European Tour
- Promotional poster
- Start date: June 18, 2025
- End date: July 6, 2025
- Legs: 1
- No. of shows: 9 in Europe

En Vogue concert chronology
- Hot Summer Nights Tour (2023); European Tour (2025); ;

= European Tour (En Vogue) =

2025 concert tour by En Vogue

The European Tour was a concert and festival tour by American group En Vogue. Their first series of concerts on European soil since 2018, it began on June 18, 2025 in Antwerp, Belgium and concluded on July 6, 2025 in East Sussex, England. The tour marked the return of original member Maxine Jones, who had rejoined the band in February 2025 after their NBA All-Star Game halftime show performance.

==Background==
On May 7, 2025, En Vogue announced that they would kick off another tour through Europe on June 18, 2025 in Antwerp, Belgium, with Jones, who had performed with them again for the first time in years at the NBA All-Star Game halftime in February 2025, also joining in for the tour.

==Reception==
Kate Solomon, writing for The Independent, called the performance at Glastonbury Festival a "feel-good hour of pristine vocals and undeniably good vibes." She further commented on the show on June 27, 2025: "The four current members twirl on stage in glimmering black outfits and get everyone dancing from note one. It’s a suburban gen x disco energy (compliment) and the grins are infectious. With harmonies on point, shimmies that have been perfected over decades and "oooh boy" fans snapped open and closed to unbelievably sassy effect, even the lesser-known songs are so shot through with nostalgia that they feel as big as the hits." Safi Bugel from The Guardian wrote about the same show: "After over 30 years of touring, there's no doubt En Vogue know what they're doing [...] While they may sit firmly in legacy act territory, as performers En Vogue have absolutely still got it: their precision harmonies still top-notch, their dance moves sharp. They close with their 1990 hit "Hold On," a good reminder of their strength as musicians in their own right too."

==Set list==
This set list is representative of the June 18, 2025 show in Antwerp.

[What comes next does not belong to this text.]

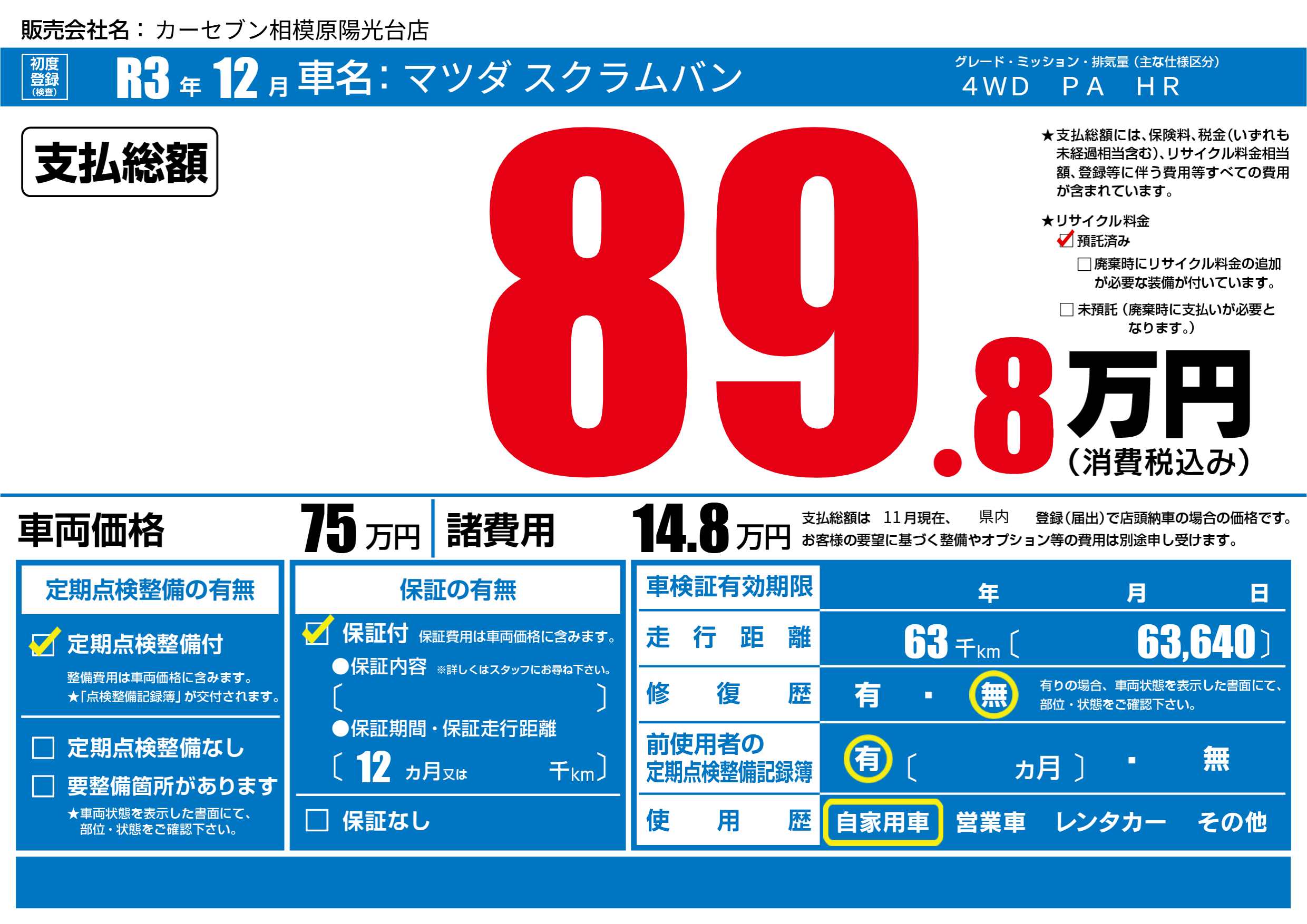 | 車名 | マツダ スクラムバン | グレード ミッション 排気量 |

1. "My Lovin' (You're Never Gonna Get It)"
2. "You Don't Have to Worry"
3. "Lies"
4. "Give It Up, Turn It Loose"
5. "This Is Your Life"
6. "Love Don't Love You"
7. "Flash Light"
8. "Whatever"
9. "Don't Go"
10. "Leave the Door Open"
11. "Whatta Man"
12. "Free Your Mind"
13. "Yesterday"
14. Cover medley
15. "Rocket"
16. "Reach 4 Me"
17. "Ooh Boy"
18. "Giving Him Something He Can Feel"
19. "Don't Let Go (Love)"
20. "Hold On"

==Tour dates==

List of concerts with date, city, country, and venue
| Date | City | Country | Venue |
| June 18, 2025 | Antwerp | Belgium | De Roma |
| June 20, 2025 | Viborg | Denmark | Forever Festival |
| June 22, 2025 | Woodstock | England | Blenheim Palace |
| June 24, 2025 | Utrecht | Netherlands | Ronda Hall |
| June 25, 2025 | Eindhoven | Effenaar |
| June 27, 2025 | Somerset | England | Glastonbury Festival |
| June 29, 2025^{[a]} | Casablanca | Morocco | Summer Jam Casablanca |
| July 4, 2025 | Dublin | Ireland | Iveagh Gardens |
| July 6, 2025 | East Sussex | England | Love Supreme Jazz Festival |

Notes
- ^{} Since Casablanca is not in Europe but located on the African continent, it was marked with an asterisk (*) on all promotional material.